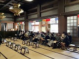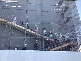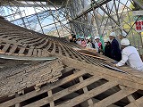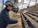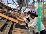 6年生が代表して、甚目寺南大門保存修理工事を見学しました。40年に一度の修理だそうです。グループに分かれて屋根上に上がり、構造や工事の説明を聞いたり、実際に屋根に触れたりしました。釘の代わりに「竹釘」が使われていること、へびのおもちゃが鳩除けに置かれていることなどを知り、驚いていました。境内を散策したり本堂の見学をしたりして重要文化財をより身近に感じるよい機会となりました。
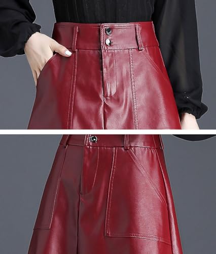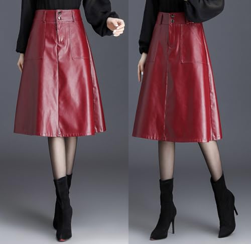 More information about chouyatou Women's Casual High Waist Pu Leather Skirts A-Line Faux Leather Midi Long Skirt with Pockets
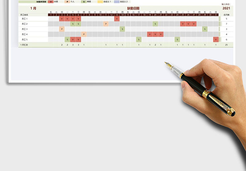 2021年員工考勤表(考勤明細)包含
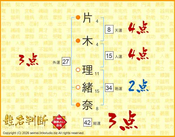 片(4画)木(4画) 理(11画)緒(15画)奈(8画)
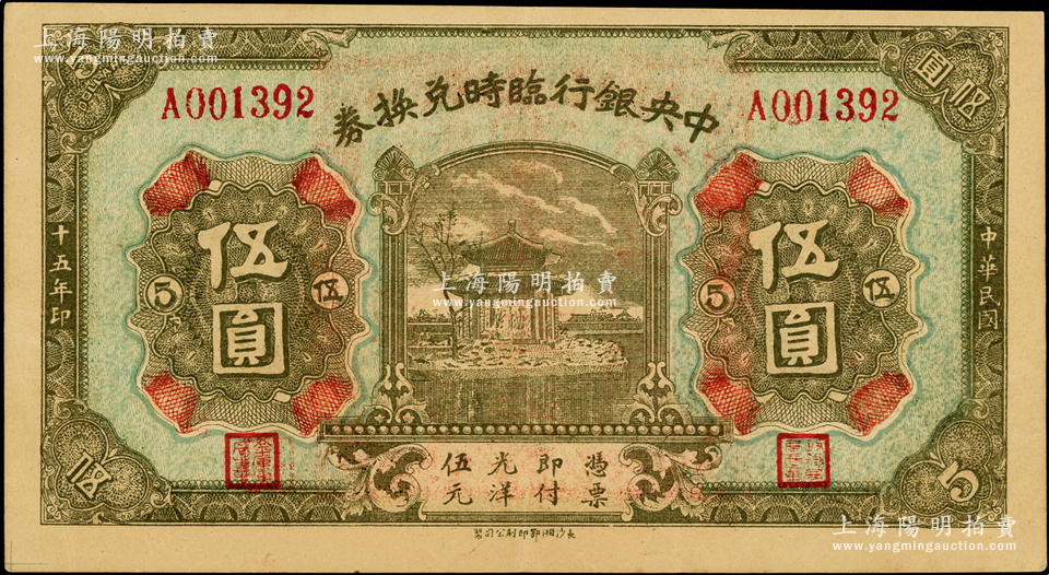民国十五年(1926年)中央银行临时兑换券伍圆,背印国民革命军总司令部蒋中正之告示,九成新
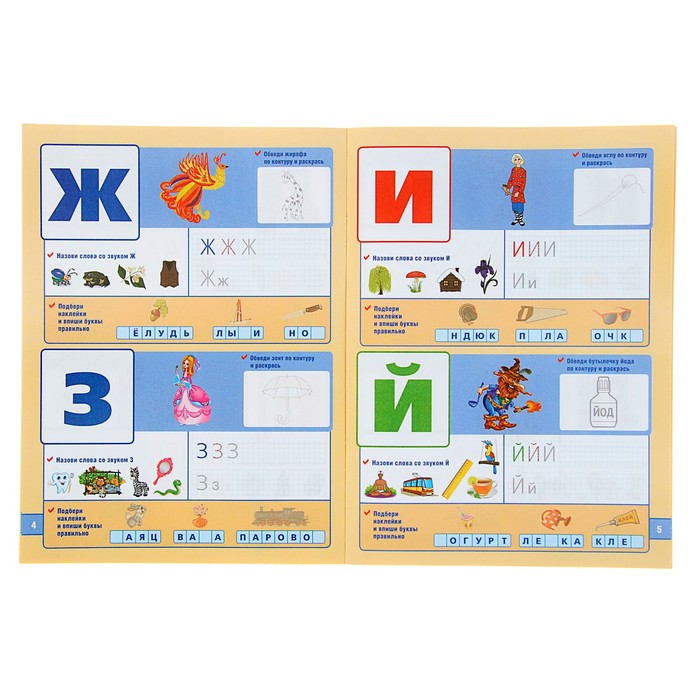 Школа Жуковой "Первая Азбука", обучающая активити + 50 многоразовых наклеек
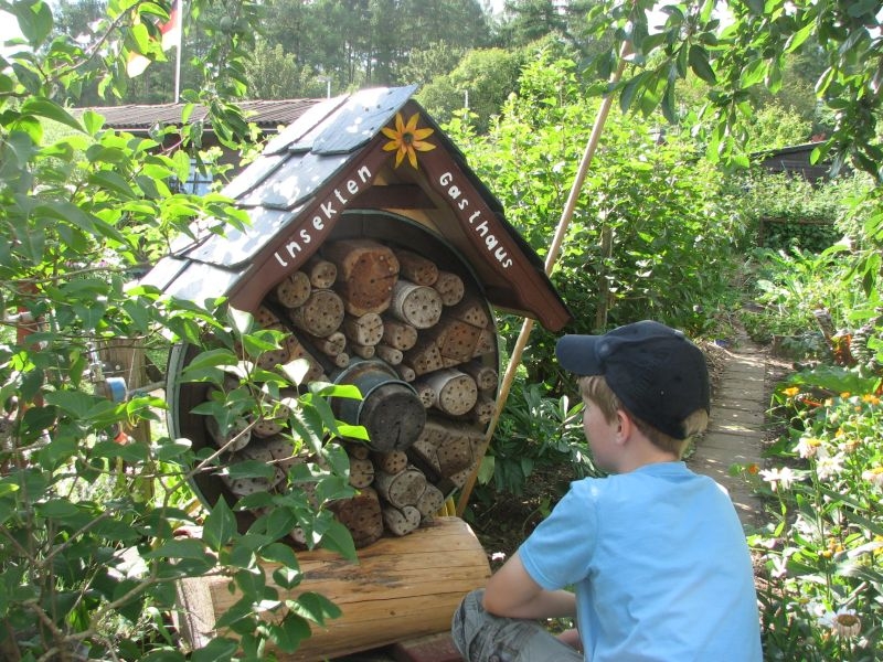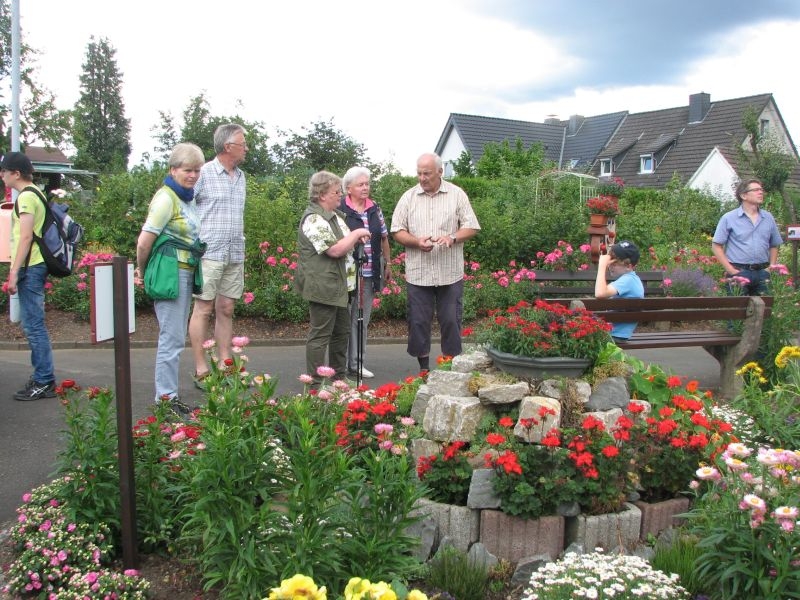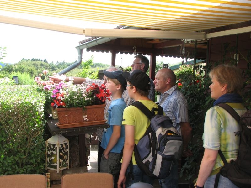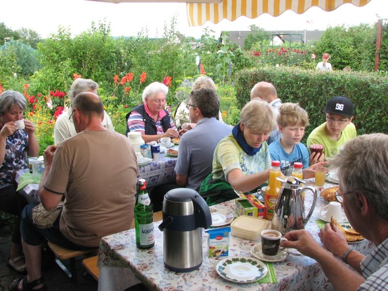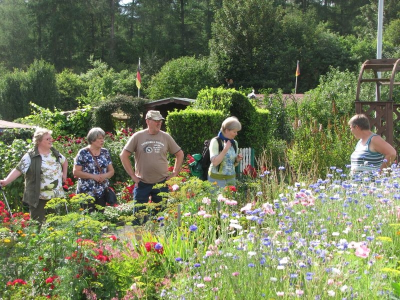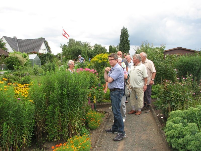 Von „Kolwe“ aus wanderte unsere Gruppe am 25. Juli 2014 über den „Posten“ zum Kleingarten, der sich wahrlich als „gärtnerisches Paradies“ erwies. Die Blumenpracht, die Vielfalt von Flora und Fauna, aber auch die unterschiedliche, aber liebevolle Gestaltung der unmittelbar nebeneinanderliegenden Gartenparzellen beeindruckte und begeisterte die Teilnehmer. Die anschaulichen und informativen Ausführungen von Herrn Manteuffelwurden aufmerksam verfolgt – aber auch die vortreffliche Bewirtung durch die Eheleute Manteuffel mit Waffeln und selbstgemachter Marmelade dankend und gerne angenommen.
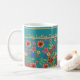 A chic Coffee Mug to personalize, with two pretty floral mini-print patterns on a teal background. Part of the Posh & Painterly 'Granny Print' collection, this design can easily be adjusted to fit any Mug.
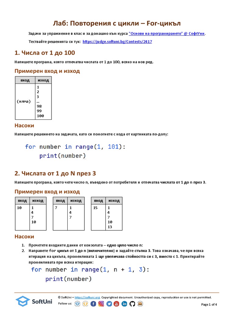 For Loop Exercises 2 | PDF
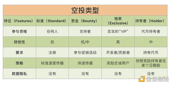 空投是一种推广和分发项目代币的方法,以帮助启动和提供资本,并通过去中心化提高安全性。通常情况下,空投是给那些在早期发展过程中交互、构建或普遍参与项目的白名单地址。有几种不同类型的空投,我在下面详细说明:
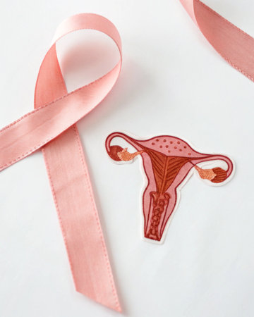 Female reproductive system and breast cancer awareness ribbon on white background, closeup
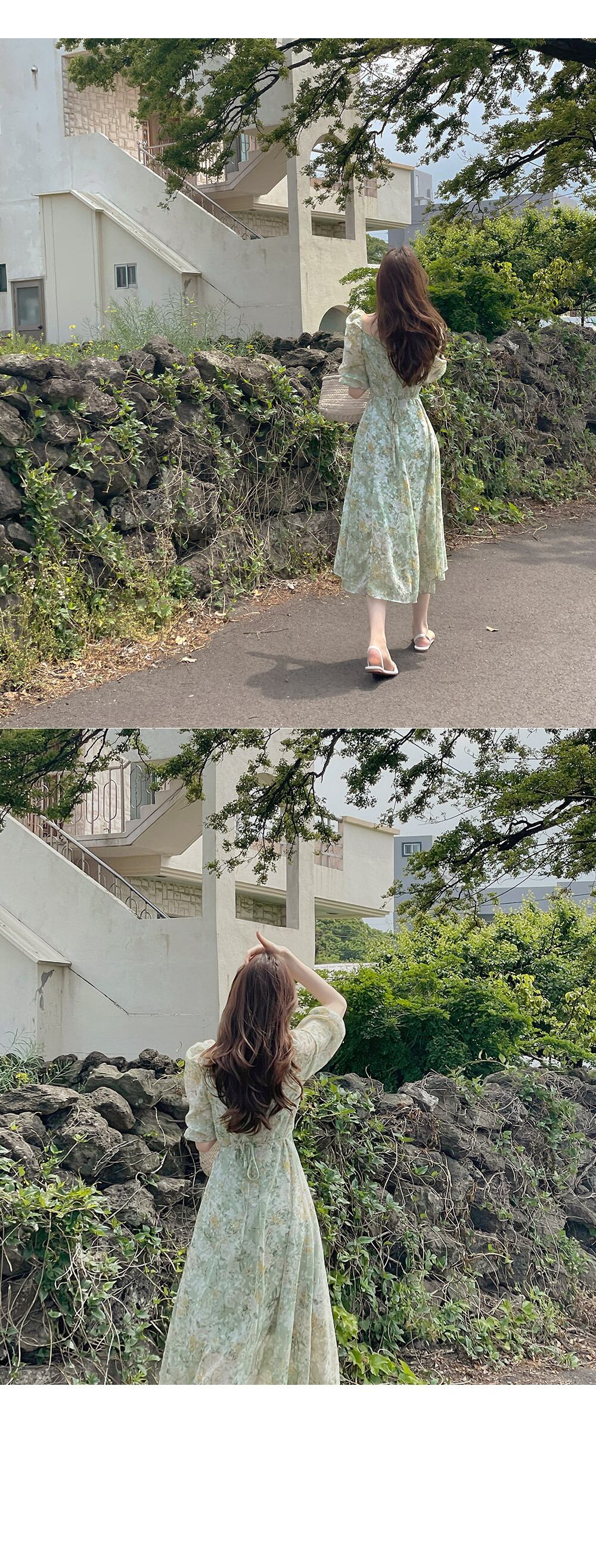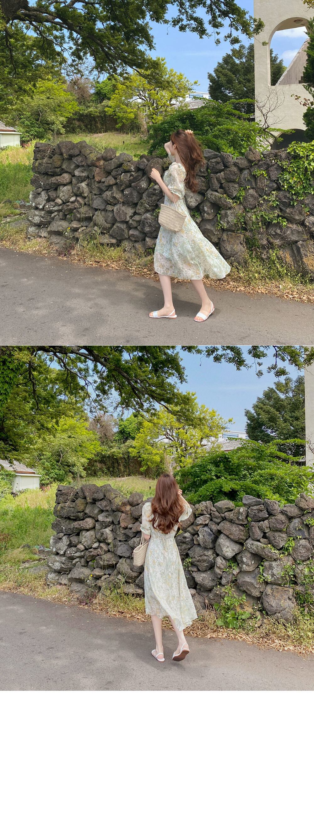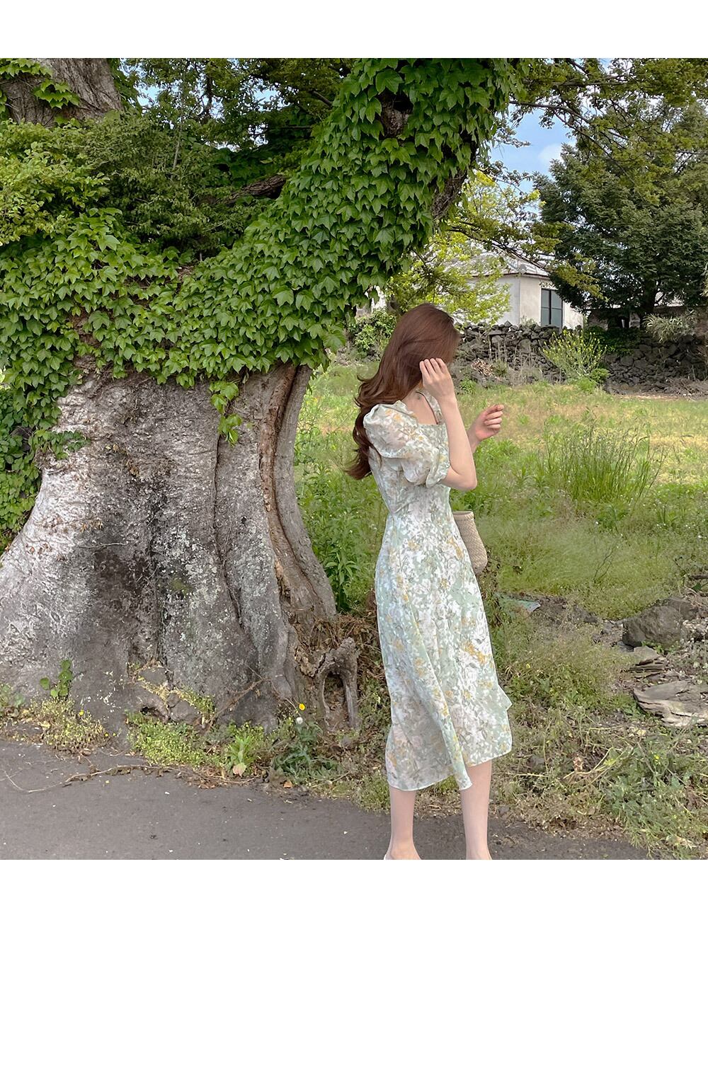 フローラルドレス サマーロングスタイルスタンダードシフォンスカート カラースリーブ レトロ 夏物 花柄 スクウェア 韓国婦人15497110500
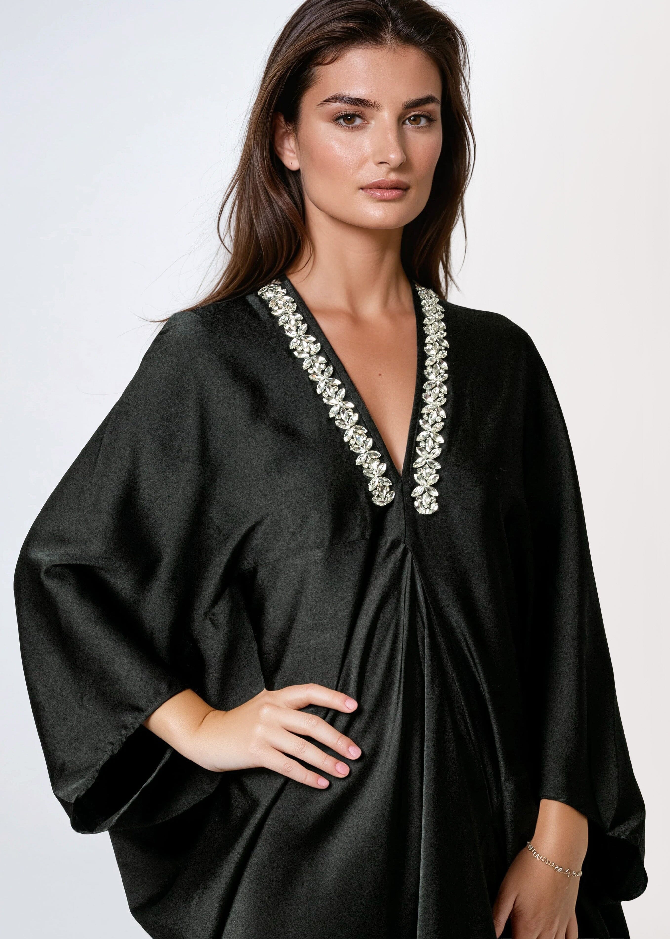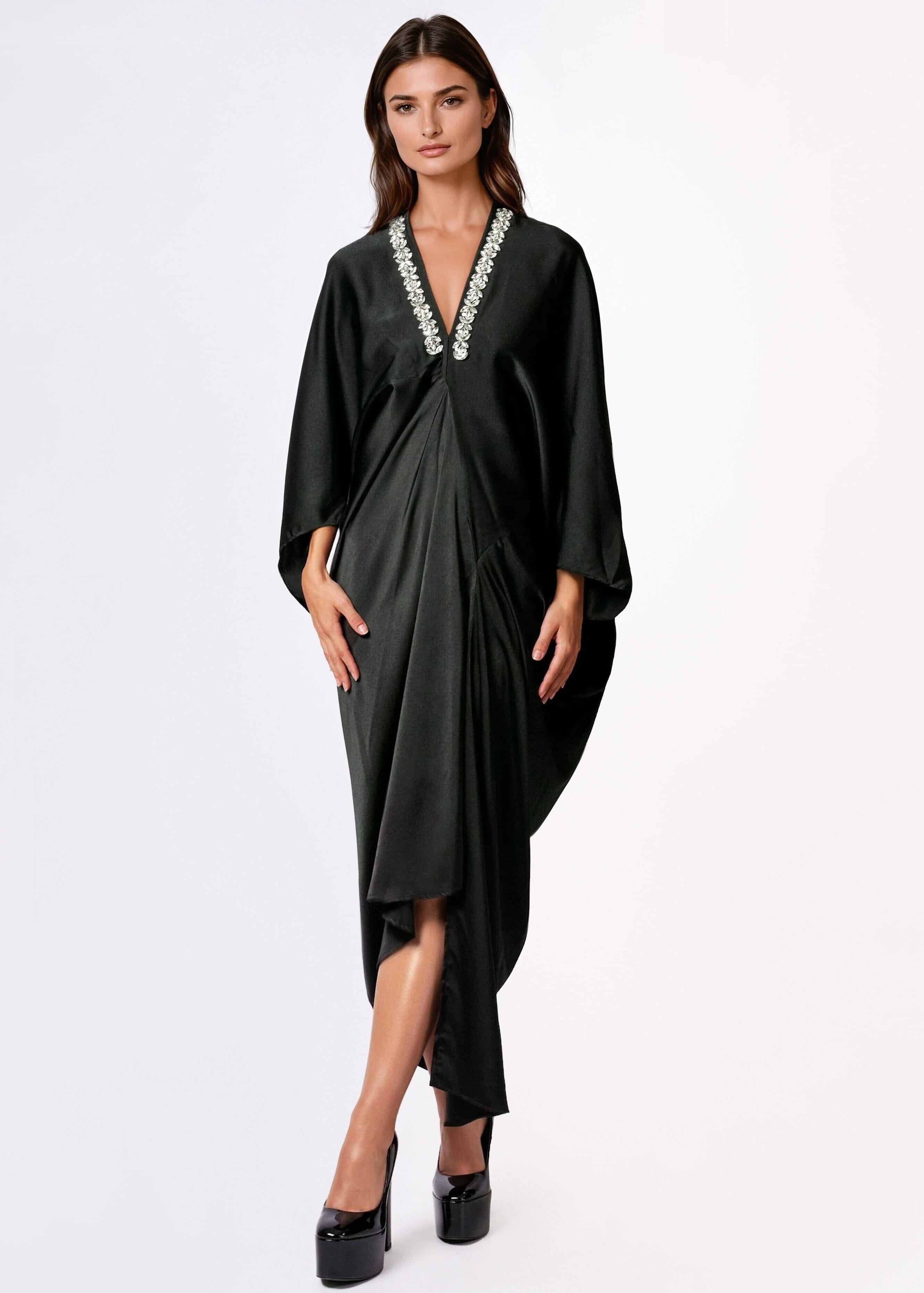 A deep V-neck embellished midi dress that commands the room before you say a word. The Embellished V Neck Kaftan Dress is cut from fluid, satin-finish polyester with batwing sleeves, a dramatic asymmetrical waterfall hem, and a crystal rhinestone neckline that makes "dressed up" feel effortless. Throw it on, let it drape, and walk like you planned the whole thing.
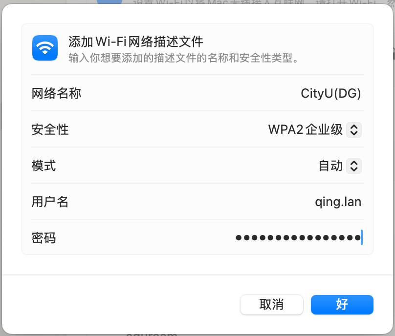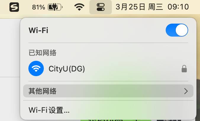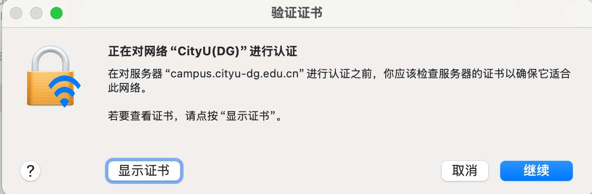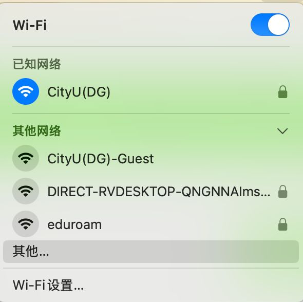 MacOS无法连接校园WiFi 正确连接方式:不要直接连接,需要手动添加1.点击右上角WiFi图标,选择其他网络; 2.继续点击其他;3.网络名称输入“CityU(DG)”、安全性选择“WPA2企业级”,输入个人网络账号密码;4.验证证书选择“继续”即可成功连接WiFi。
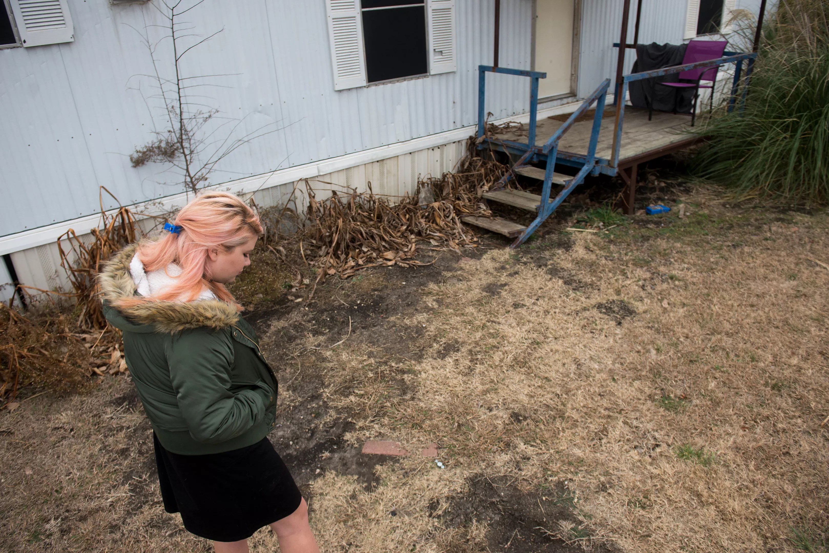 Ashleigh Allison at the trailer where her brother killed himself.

What you are asked to do. Range to copy from the records above: the line containing "For Loop Exercises 2 | PDF" to the line containing "フローラルドレス サマーロングスタイルスタンダードシフォンスカート カラースリーブ", both included. Output those lines exactly and only those, skipping pictures.

Answer box.
 For Loop Exercises 2 | PDF
 空投是一种推广和分发项目代币的方法,以帮助启动和提供资本,并通过去中心化提高安全性。通常情况下,空投是给那些在早期发展过程中交互、构建或普遍参与项目的白名单地址。有几种不同类型的空投,我在下面详细说明:
 Female reproductive system and breast cancer awareness ribbon on white background, closeup
 フローラルドレス サマーロングスタイルスタンダードシフォンスカート カラースリーブ レトロ 夏物 花柄 スクウェア 韓国婦人15497110500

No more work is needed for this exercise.